In the early stages of the COVID-19 pandemic, healthy children were thought to have mild SARS-CoV-2 infections with favourable outcomes. In April 2020, reports began to emerge from COVID-19 epicenters describing clusters of children with features of Kawasaki disease and toxic shock syndrome1,2. This newly identified entity has many names and ultimately became known as multisystem inflammatory syndrome in children (MIS-C), as used by the WHO and CDC. As additional reports of MIS-C have surfaced, the clinical spectrum of this syndrome has broadened3,4,5, and studies have begun to unveil its immune landscape, which could help in our understanding of this condition6,7,8,9,10.

Emerging data show that MIS-C is characterized by the classic findings of inflammation, with fever as the cardinal feature, and multi-organ dysfunction that not only involves the skin, mucous membranes and heart but that also frequently affects the gastrointestinal, respiratory and neurologic systems (Fig. 1). However, the full clinical continuum of MIS-C is still being defined, and validated diagnostic criteria do not yet exist. As a result, researchers have employed varying case definitions of MIS-C so that patient populations are not necessarily comparable across studies5. This selection bias is important to consider because it affects our understanding of MIS-C.

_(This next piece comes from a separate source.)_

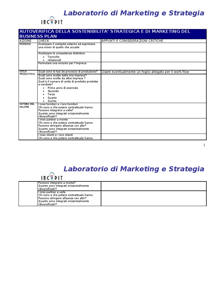 AUTOVERIFICA DELLA SOSTENIBILITA STRATEGICA E DI MARKETING DEL BUSINESS PLAN

Fig. 1: Emerging clinical and immunological features of MIS-C.
figure 1

Multiple organs are affected in multisystem inflammatory syndrome in children (MIS-C). Most patients have evidence of prior SARS-CoV-2 exposure, and Kawasaki disease features and cardiac dysfunction are common. The immune response in MIS-C is distinct from that during the acute SARS-CoV-2 infection, and is associated with elevated pro-inflammatory cytokines, activated neutrophils and monocytes, cytopenias (thrombopenia and lymphopenia) and appropriate anti-viral antibody responses detected to SARS-CoV-2.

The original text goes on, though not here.